Aside from my idealism, I think there actually are some highly-compelling reasons to consider that the game doesn’t have to be over. Time and again, some of the more visionary people in the yellow pages sector have innovated products that continue to give Google a run for its money.

As I challenged the yellow pages industry two years ago in my post, “What Could Save The Yellow Pages? 10 Ideas“, these companies should really be pushing innovation. They should be creating agile advanced development units that are empowered to experiment with local products.

They should be beefing up the personnel in these units, using significant salaries to attract top talent, and insuring that they retain the real innovators they already may have in-house.

It’s not widely-known, but Google Maps didn’t originate map-based search interfaces — yellow pages companies did it first. Google merely tweaked the concept with some seductive AJAX and tacked it onto the huge audience of consumers using regular web search.

Some yellow pages companies, particularly in Europe where Google hasn’t developed the local search marketshare it has in the U.S., are innovating and doing a pretty good job at coming up with products that are compelling and sticky for consumers.

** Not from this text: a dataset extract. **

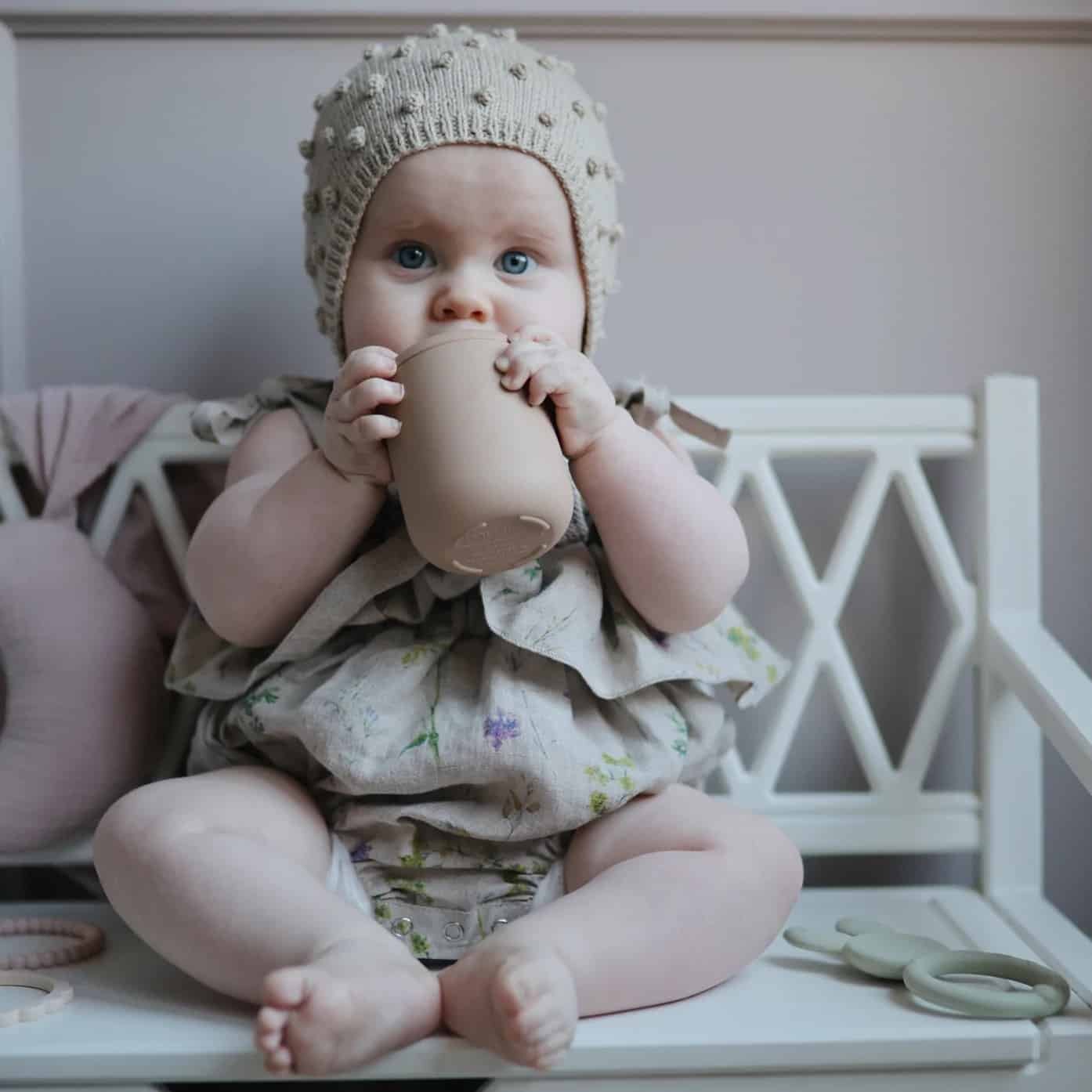 Con il bicchiere, i più piccoli possono imparare a passare al bicchiere aperto. Mushie dalla Danimarca crea bellissimi prodotti per bambini sostenibili.

For instance, Yell.com‘s work in 3D map navigation imagery and augmented reality are arguably better in some ways that Google Maps. (I mentioned seeing some demos of this when Yell’s Matthew Bottomley presented some of their work at the BIA/Kelsey DMS conference.) Here’s a video demo of their application:

[youtube]https://www.youtube.com/watch?v=tOw8X78VTwg[/youtube]

The race is not over for the yellow pages and other local business information sites in interfaces such as the iPhone, Android, iPads, and other tablet PCs or smartphones. Gaining a foothold in these sorts of interfaces could translate back into increased marketshare in the regular Internet.

Unfortunately, a number of companies and executives appear to be squandering the future in return for comparatively minor cost-savings in the current financial quarters.

It’s quite clear that if there’s to be any future at all for yellow pages companies, it’s to be in their interactive departments. If you’re going to cut employees, you’d better only be doing it on the legacy print side of the house.

Otherwise, the message you’re sending to employees, stockholders and Wall Street is that you don’t plan to be around very long. Don’t you think stockholders might want to have a viable stock that could work for them for many years as opposed to only a few dollars in this quarter?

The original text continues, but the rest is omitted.